Now, some of you know that I met and was royally hosted by someone whose blog I’ve followed for several years. Yes! Another blog-meet. And from the airport pick-up we both felt like old friends.

We share so many interests I wonder sometimes if we are not,somehow, kin.

So, my first time in ACT and my head was swinging from window to window as we drove out. Most of the wattle (Acacia sp) was past its bloom, but I still saw enough for “wattle fix.” I can imagine what it must be like late winter/early spring. Here’s a link to just one https://en.wikipedia.org/wiki/Acacia_baileyana.

Jazz, the resident cat, must have known a stranger was coming – he hid in a closet! Eventually, he decided I was not a Major Threat and even allowed me to play with his ribbon …20181012_155443.jpg

There were birds! Oh yes! Regulars at the feeders kept us highly entertained. Currawongs, magpies, pigeons, king parrots and even bearded ravens. Most of my photos still need editing so you might have to wait a while.Here’s one of the male Kings (Alisterus) being hand-fed.king male

And then there were  gardens. My kind of gardens. I’m not going to overwhelm you with photos, promise! But just look at this wisteria! And that’s only SOME of it! 20181012_100202.jpg


Lilac (Syringa vulgaris) is an old favourite of mine.It loves cold winters or I’d probably go a bit  mad with it here!

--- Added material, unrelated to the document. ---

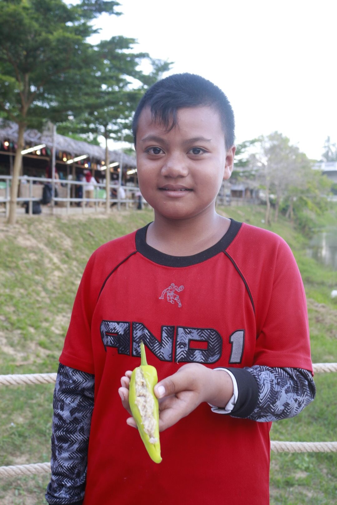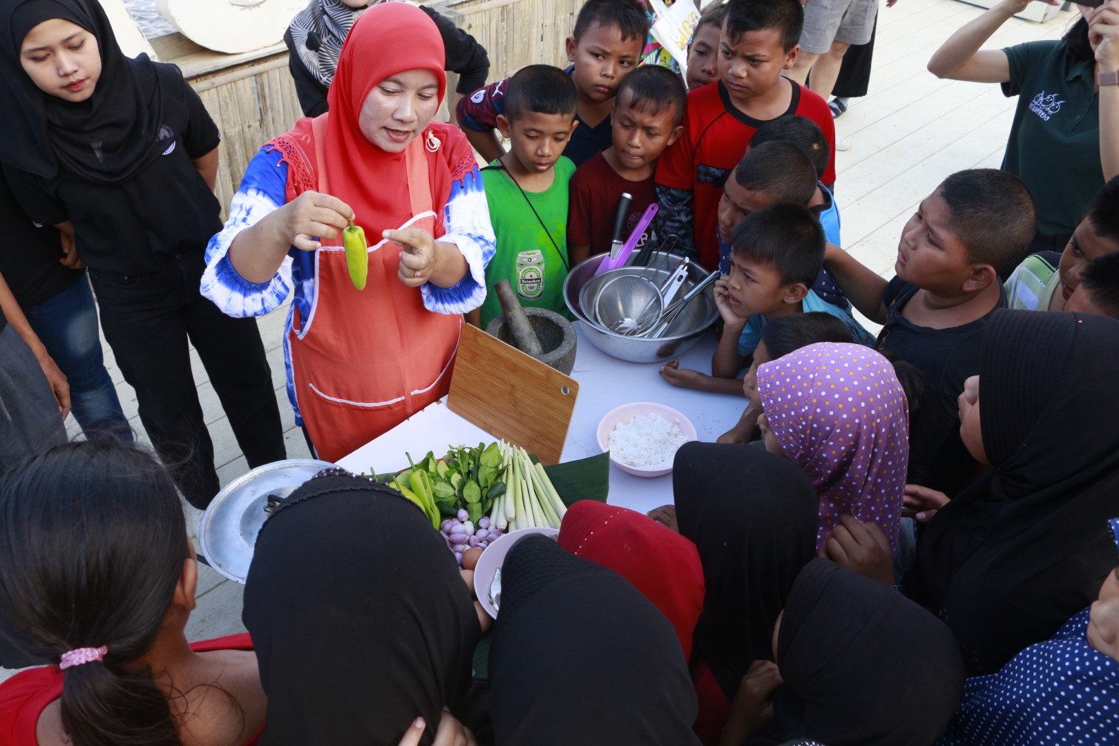 “ผมเคยทำแต่ข้าวผัด เคยช่วยแม่ทำครัว พอผมมาดูมาลองทำแล้วคิดว่าทำได้ อยากกลับไปชวนแม่ลองทำดู” “น้องไซฟูร์” ด.ช. มูอัมหมัดไซฟูร์ ปาตง นักเรียนชั้น ป.6 ที่ได้มาเรียนรู้การทำซอเลาะดาลออย่างใกล้ชิดและได้ลงมือทำทั้งการโขลกเนื้อปลาและยัดไส้พริกบอกถึงความตั้งใจ

A pure white Aquilegia in Sue’s garden



Flowering quince  Chaenomoles japonica  Another one that likes a colder climate.



I will share more another day, but here’s another wattle/Acacia. Just because. No, I don’t know which one!20181012_095014.jpg

And something I loved…just around the corner someone has set up a street library, with a notice inviting people to help themselves to a book and to add books to the shelf if they wish to. Thoughtfully draped in plastic sheeting to keep books dry and topped with this splendid fellow…


Next time, I’ll take you to the zoo!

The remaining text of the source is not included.